Restate, exactly as written, the entries below from the line that holds "Instructions for cutting" through the line that holds "Radiography is an". Pictures are not part of the copy.

**EXERCISE MATERIALS**
-- Opening Marker --

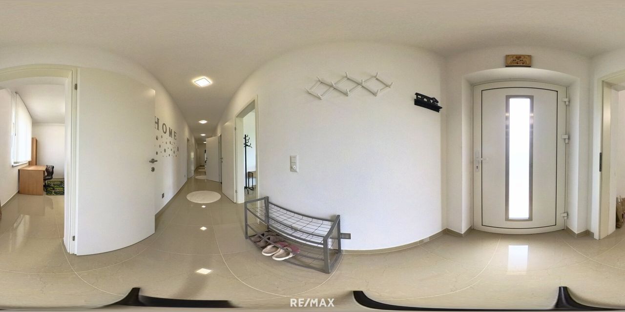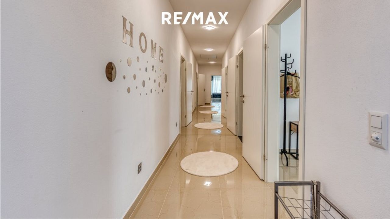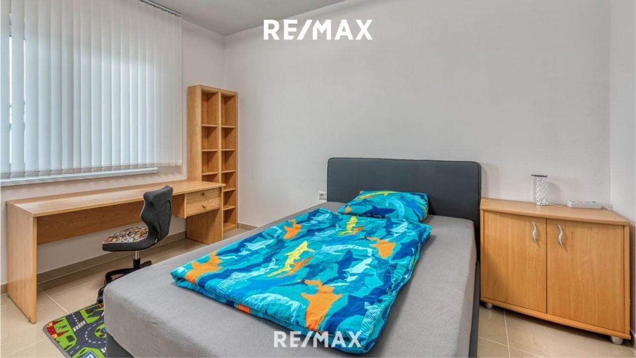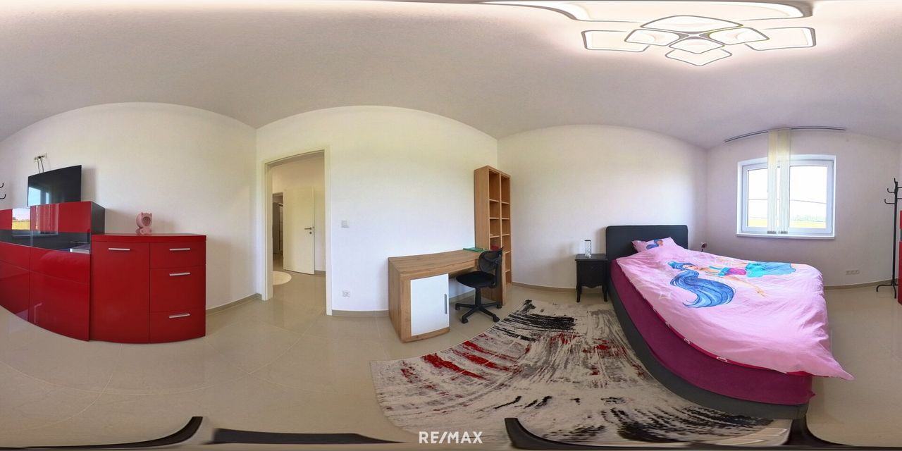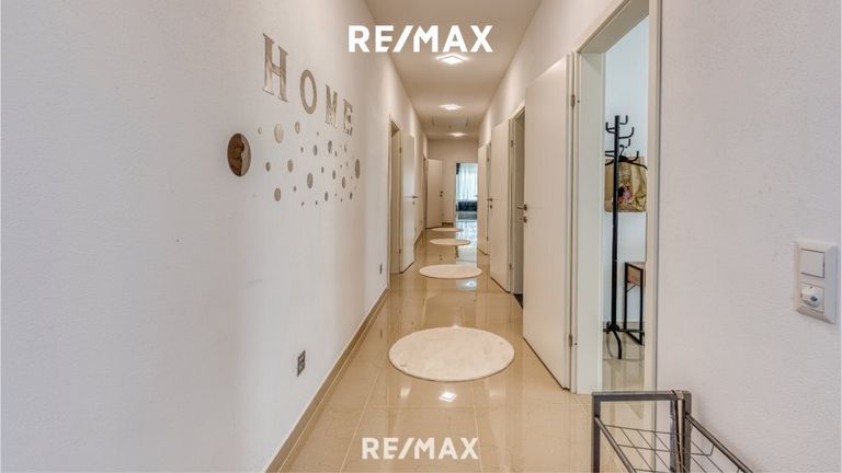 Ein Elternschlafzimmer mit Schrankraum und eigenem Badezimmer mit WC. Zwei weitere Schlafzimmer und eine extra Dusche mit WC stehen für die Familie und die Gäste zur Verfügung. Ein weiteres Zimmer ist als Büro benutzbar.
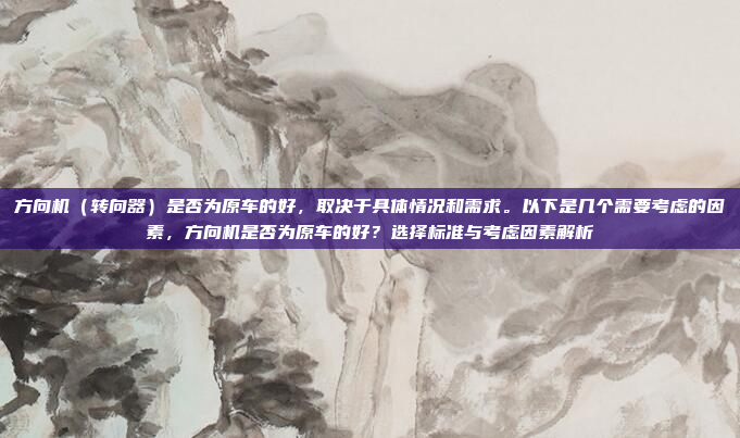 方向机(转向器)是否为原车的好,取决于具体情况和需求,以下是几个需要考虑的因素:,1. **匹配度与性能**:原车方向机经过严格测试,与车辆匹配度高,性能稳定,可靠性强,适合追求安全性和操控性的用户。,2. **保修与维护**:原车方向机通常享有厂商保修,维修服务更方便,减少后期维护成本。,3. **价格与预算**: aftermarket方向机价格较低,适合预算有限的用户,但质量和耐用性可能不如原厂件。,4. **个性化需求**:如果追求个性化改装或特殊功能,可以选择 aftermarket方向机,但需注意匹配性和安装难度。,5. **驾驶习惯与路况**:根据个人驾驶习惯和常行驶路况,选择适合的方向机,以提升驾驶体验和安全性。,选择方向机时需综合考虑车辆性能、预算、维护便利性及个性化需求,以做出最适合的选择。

-- Closing Marker --
-- Opening Marker --

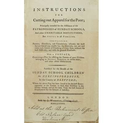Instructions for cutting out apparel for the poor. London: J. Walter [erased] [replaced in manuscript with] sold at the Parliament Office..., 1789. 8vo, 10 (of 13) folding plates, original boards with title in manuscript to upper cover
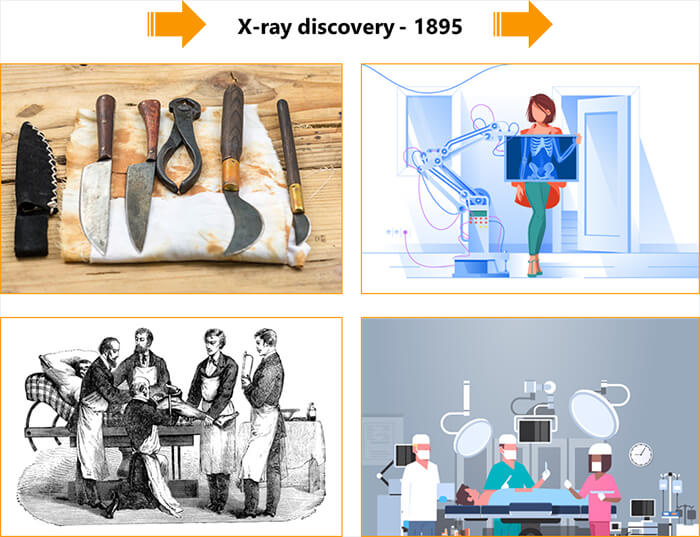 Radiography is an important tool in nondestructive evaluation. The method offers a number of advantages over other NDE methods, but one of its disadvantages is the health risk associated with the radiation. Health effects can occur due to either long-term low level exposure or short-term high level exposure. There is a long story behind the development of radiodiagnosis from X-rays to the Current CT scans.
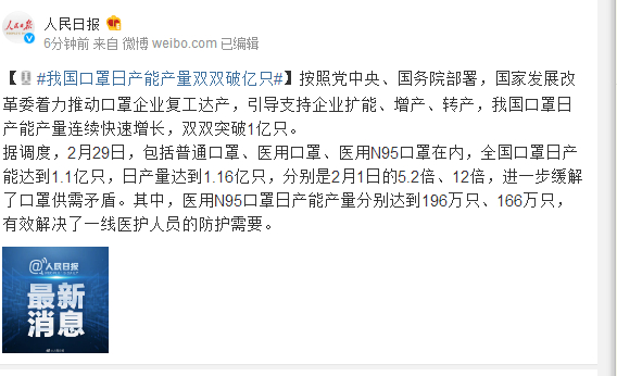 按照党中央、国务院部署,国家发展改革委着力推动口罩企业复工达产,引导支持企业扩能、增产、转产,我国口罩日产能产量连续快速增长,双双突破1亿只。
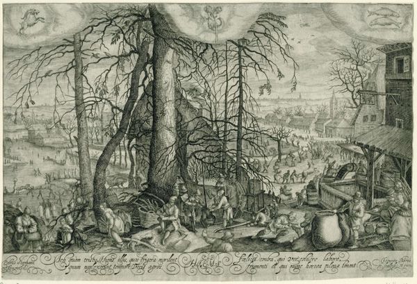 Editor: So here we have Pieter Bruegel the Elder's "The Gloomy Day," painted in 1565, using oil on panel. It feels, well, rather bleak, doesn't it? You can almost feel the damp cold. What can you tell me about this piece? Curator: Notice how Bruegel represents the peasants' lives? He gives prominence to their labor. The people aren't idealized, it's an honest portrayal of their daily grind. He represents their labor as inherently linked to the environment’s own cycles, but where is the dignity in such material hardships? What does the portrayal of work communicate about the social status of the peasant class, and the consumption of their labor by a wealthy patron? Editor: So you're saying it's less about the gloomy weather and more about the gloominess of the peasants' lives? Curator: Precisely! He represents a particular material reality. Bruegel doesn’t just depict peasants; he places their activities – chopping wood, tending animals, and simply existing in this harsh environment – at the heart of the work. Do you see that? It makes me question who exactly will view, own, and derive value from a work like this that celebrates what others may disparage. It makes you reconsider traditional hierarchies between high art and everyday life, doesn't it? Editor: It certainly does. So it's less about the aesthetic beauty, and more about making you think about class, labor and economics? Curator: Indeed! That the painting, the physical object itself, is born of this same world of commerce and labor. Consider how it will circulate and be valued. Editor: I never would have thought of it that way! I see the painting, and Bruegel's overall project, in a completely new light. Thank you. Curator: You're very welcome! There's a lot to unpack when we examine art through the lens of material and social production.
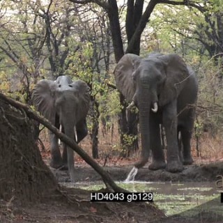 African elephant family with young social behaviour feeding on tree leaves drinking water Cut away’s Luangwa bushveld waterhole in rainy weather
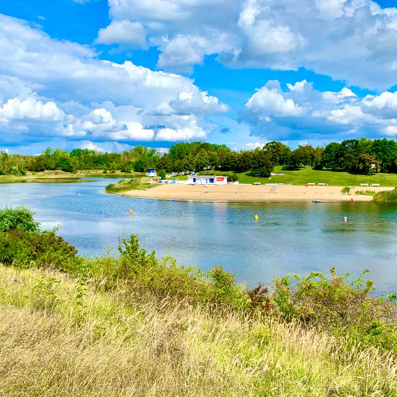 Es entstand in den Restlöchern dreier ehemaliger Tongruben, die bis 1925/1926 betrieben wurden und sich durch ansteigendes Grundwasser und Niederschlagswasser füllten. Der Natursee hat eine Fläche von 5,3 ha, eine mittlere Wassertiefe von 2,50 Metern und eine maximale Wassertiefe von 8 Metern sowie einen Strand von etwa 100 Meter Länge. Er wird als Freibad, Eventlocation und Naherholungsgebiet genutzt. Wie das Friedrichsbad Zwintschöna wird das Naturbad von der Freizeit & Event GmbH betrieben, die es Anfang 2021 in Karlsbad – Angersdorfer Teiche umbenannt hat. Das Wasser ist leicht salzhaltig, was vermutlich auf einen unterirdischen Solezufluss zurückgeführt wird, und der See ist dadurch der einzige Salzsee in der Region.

-- Closing Marker --

**ANSWER SPACE**
Instructions for cutting out apparel for the poor. London: J. Walter [erased] [replaced in manuscript with] sold at the Parliament Office..., 1789. 8vo, 10 (of 13) folding plates, original boards with title in manuscript to upper cover
 Radiography is an important tool in nondestructive evaluation. The method offers a number of advantages over other NDE methods, but one of its disadvantages is the health risk associated with the radiation. Health effects can occur due to either long-term low level exposure or short-term high level exposure. There is a long story behind the development of radiodiagnosis from X-rays to the Current CT scans.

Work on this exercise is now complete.